More than fifty years ago Mr. M. Lux published a pamphlet, declaring the law, aequalia aequalibus curantur, superior to the law of the similars. Mr. Lux was a veterinary surgeon. Men of that profession were not compelled to show themselves to be graduates of a classical college like the matriculants in the universities, who enter upon the study of medicine. It could, therefore, not be supposed that Mr. Lux would take in the inductive method of Hahnemann, and fully understand and appreciate his Organon, when so many, nay, the great majority of well-educated medical men rejected it a priori, because they were unwilling to try the experiment. Mr.

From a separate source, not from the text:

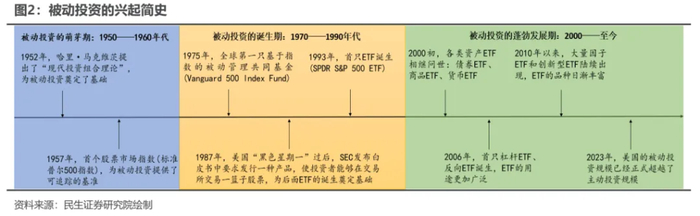 2、被动投资的诞生期:1970——1990年代。1971年,富国银行为管理新秀丽的养老金,发行了一只基金来追踪纽交所的1500只股票的整体走势。但因其追踪的股票太多,股票波动较大,基金调整持仓的频率较高、交易成本过高,不久就以失败告终。1975年,先锋集团推出了Vanguard 500 Index Fund,旨在跟踪标准普尔500指数的表现,这是全球第一只基于指数的被动管理共同基金。1987年,美国“黑色星期一”过后,美国证券交易委员会 (SEC) 发布了一份白皮书,白皮书中要求发行一种产品,使投资者能够在交易所交易一揽子股票,这为后面ETF的诞生奠定基础。1992年,先锋集团推出了Vanguard Total Stock Market Index Fund,为投资者提供了更广泛的市场覆盖,不再仅限于标准普尔500指数,进一步推动了被动投资的理念。1993年,道富推出SPDR S&P 500 ETF(SPY)标志着全球首只ETF诞生。ETF的推出大大降低了投资者的交易成本,并且使被动投资更加灵活。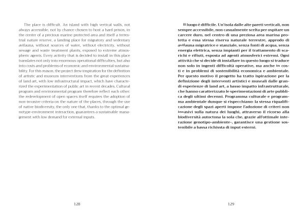 The place is difficult . An island with high vertical walls , not always accessible , not by chance chosen to host a hard prison , in the center of a precious marine protected area and itself a terrestrial nature reserve , a landing place for migratory and sedentary avifauna , without sources of water , without electricity , without sewage and waste treatment plants , exposed to extreme atmospheric agents . Every activity that is decided to install in this place translates not only into enormous operational difficulties , but also into costs and problems of economic and environmental sustainability . For this reason , the project drew inspiration for the definition of artistic and museum interventions from the great experiences of land art , with low infrastructural impact , which have characterized the experimentation of public art in recent decades . Cultural program and environmental program therefore reflect each other : the redevelopment of open spaces itself requires the adoption of non-invasive criteria on the nature of the places , through the use of native biodiversity , the only one that , thanks to the optimal genotype-environment interaction , guarantees a sustainable management with low demand for external inputs .

Lux was an enthusiast; a few followed him, and among them, Dr. Gross, a true homoeopath. There was a prospective partition wall to be erected between the homoeopathists and isopathists, but in his wisdom, Hahnemann made that utterly impossible, when he wrote a long foot-note at the close of his introduction to the 5th edition of his Organon. Dr. Gross was his error and renounced it, and from that time till now, isopathy was remembered only as a medical folly.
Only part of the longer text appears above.